*WHAT YOU WILL DO:* Starting at the line that contains "Yıkamalı Kahve Yüksek Bel Baggy Jean RM3004" and stopping at the line that contains "Сковорода-гриль, выполненная из", transcribe every line of the material below exactly; pictures stay out.

*LISTED RECORDS:*
'''
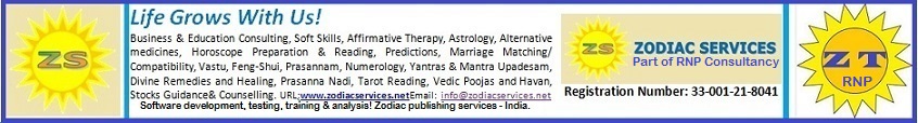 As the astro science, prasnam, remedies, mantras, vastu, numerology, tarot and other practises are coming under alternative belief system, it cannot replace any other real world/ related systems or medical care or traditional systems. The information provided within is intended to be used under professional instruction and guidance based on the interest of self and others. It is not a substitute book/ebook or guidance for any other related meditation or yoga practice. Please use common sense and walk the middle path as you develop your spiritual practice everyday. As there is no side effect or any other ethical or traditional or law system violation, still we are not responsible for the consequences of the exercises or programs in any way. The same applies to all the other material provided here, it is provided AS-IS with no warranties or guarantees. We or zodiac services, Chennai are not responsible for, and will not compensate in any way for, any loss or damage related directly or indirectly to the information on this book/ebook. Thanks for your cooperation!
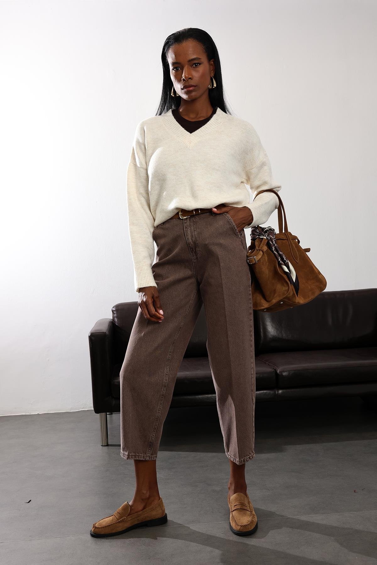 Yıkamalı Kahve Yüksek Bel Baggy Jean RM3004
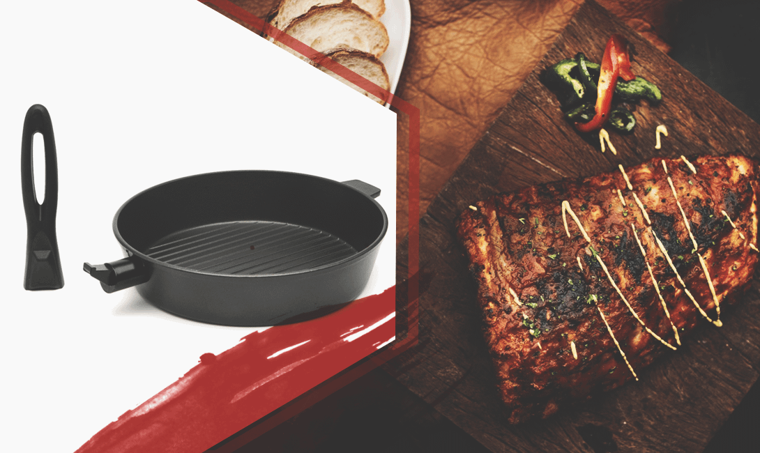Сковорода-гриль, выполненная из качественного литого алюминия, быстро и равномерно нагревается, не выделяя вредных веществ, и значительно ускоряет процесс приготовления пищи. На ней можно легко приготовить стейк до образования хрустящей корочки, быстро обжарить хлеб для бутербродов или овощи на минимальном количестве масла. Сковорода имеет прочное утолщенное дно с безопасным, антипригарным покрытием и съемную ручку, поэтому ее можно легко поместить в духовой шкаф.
'''
'''
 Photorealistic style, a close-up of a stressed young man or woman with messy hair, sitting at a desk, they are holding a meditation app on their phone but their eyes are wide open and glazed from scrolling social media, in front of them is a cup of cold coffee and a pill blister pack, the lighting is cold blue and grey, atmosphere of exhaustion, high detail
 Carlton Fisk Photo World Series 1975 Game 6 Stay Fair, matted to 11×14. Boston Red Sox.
'''
'''
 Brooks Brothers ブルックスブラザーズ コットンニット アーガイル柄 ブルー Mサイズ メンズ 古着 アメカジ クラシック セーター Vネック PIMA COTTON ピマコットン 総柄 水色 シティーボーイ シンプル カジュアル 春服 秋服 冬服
'''
*SOLVED PROBLEM:*
 Yıkamalı Kahve Yüksek Bel Baggy Jean RM3004
Сковорода-гриль, выполненная из качественного литого алюминия, быстро и равномерно нагревается, не выделяя вредных веществ, и значительно ускоряет процесс приготовления пищи. На ней можно легко приготовить стейк до образования хрустящей корочки, быстро обжарить хлеб для бутербродов или овощи на минимальном количестве масла. Сковорода имеет прочное утолщенное дно с безопасным, антипригарным покрытием и съемную ручку, поэтому ее можно легко поместить в духовой шкаф.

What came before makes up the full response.